A solar powered machine currently being tested in Ghana could boost development across the rural areas of Sub-Saharan Africa - where around 625 million people are without electricity and 39% lack access to safe water.
The Watly machine, created by an Italian-Spanish startup, works by capturing solar energy through photovoltaic panels which is then converted into electricity through an internal battery.
The energy generated through the solar panels is used to produce clean water using a graphene-based filtering process. The company has been testing the technology in rural Ghana and the nest step is to roll out units across Africa. Pictured here are Watly's Matteo Squizzato and Stefano Buiani testing the water.
Watly can deliver 5,000 liters of safe drinking water each day. The battery also powers a connectivity hub that provides wireless internet within an 800-meter radius, and a charging station for electronic and mobile devices.
The team behind Watly hopes the machine will bring much needed aid in the development of these areas."This is an infrastructure solution for people without access to three fundamental pillars of civilization," says Watly founder Marco Attisani (center). "We are (taking) people to the heart of the 21st century."

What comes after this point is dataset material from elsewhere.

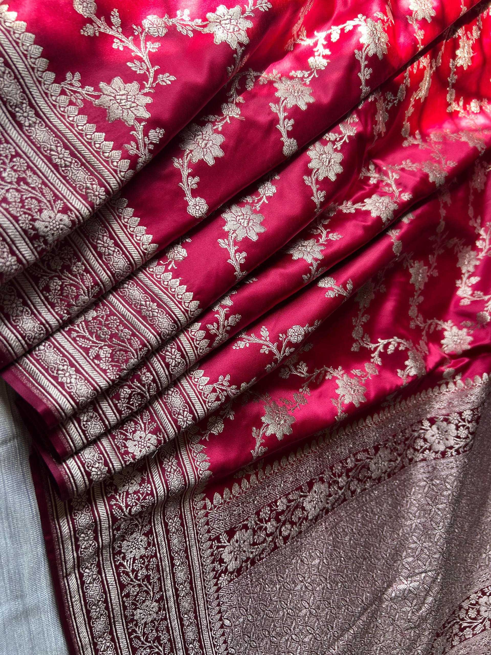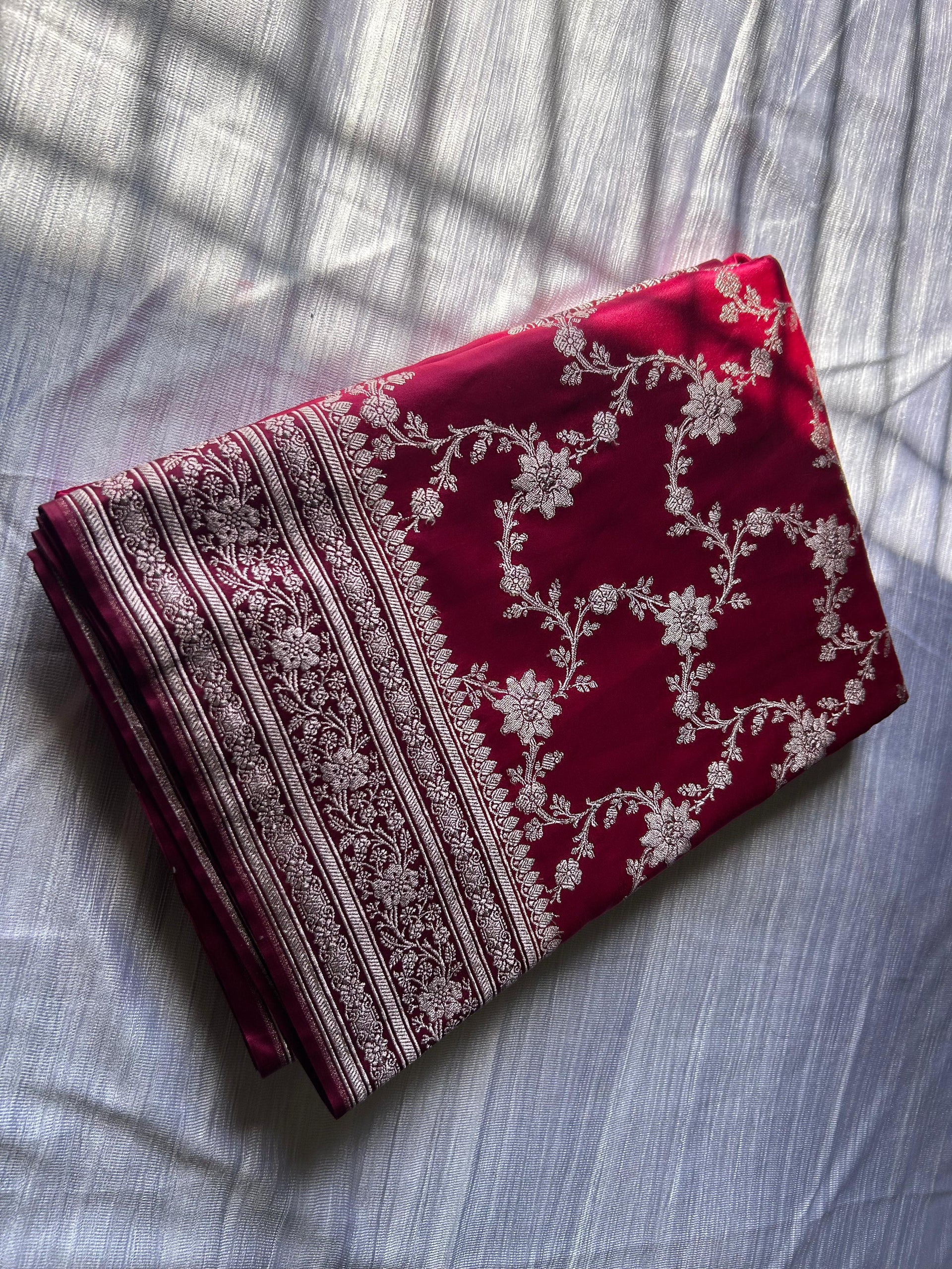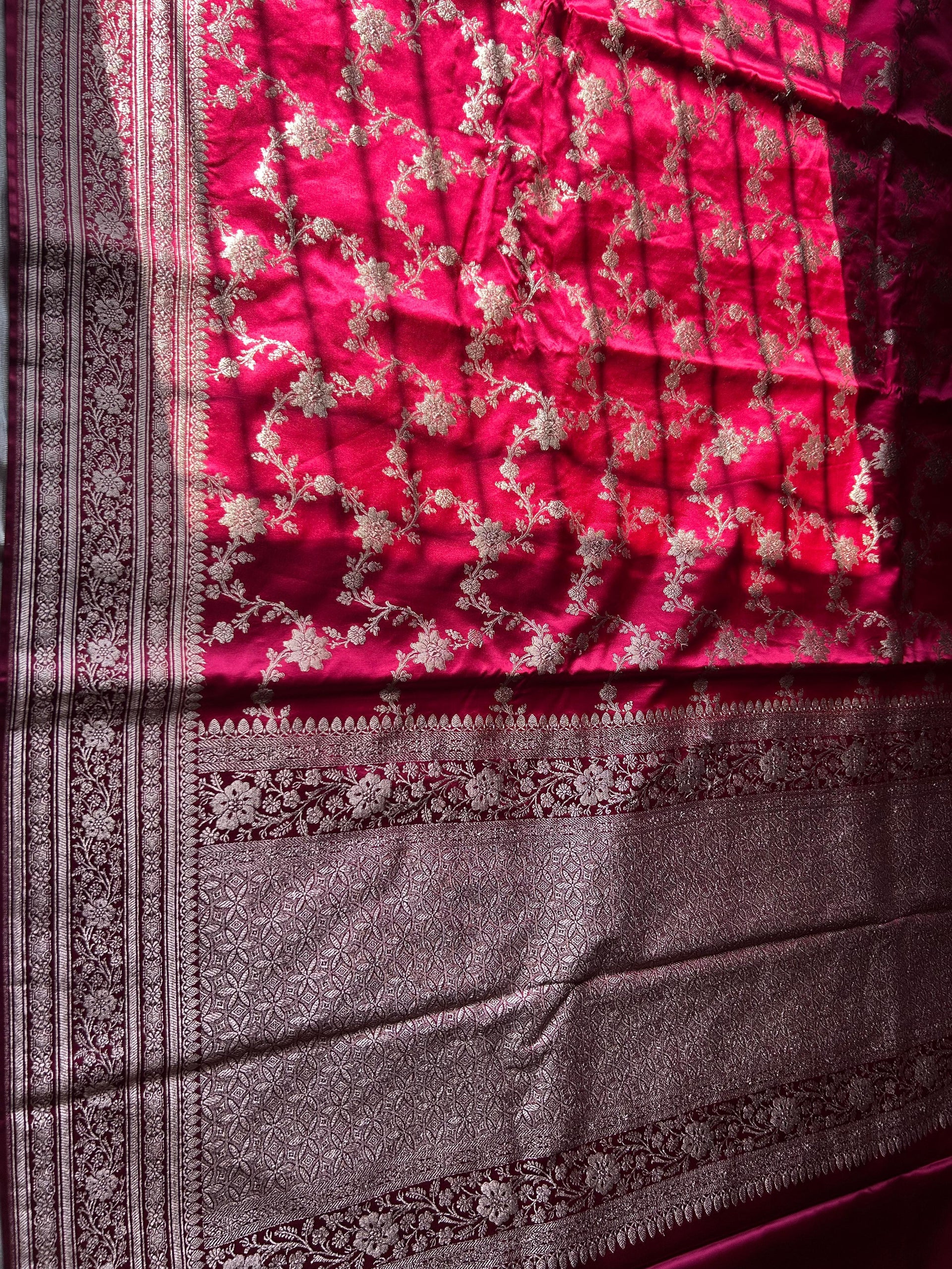 The saree features a striking rani pink body, contrasted with intricate jalebi-style jaal work in majenta pink for a bold, artistic effect. Paired with a matching majenta pink blouse, and finished with soft light golden zari, this saree is a statement in color and craft.
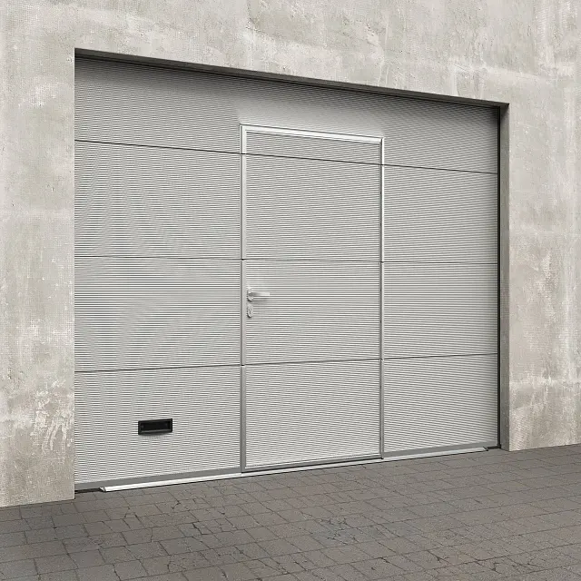 для отдельного входа-выхода. Гармонично сочетается с воротами, придавая фасаду помещения завершенный вид

The project has received 1.4 million euros from the European Union's Horizon 2020 research funding program and are planning to collaborate with NGOs and civil society on a local level. "No technology can change the world without a human factor," says Attisani. "Local partners will care for the logistics, spread the word, play a role in education, and leverage functionality."
The team also hopes that the machine could lead to a surge of economic growth by helping local entrepreneurs to start businesses. They plan to install 10,000 Watly units across Africa over the next eight years, which they hope will create an estimated 50,000 jobs.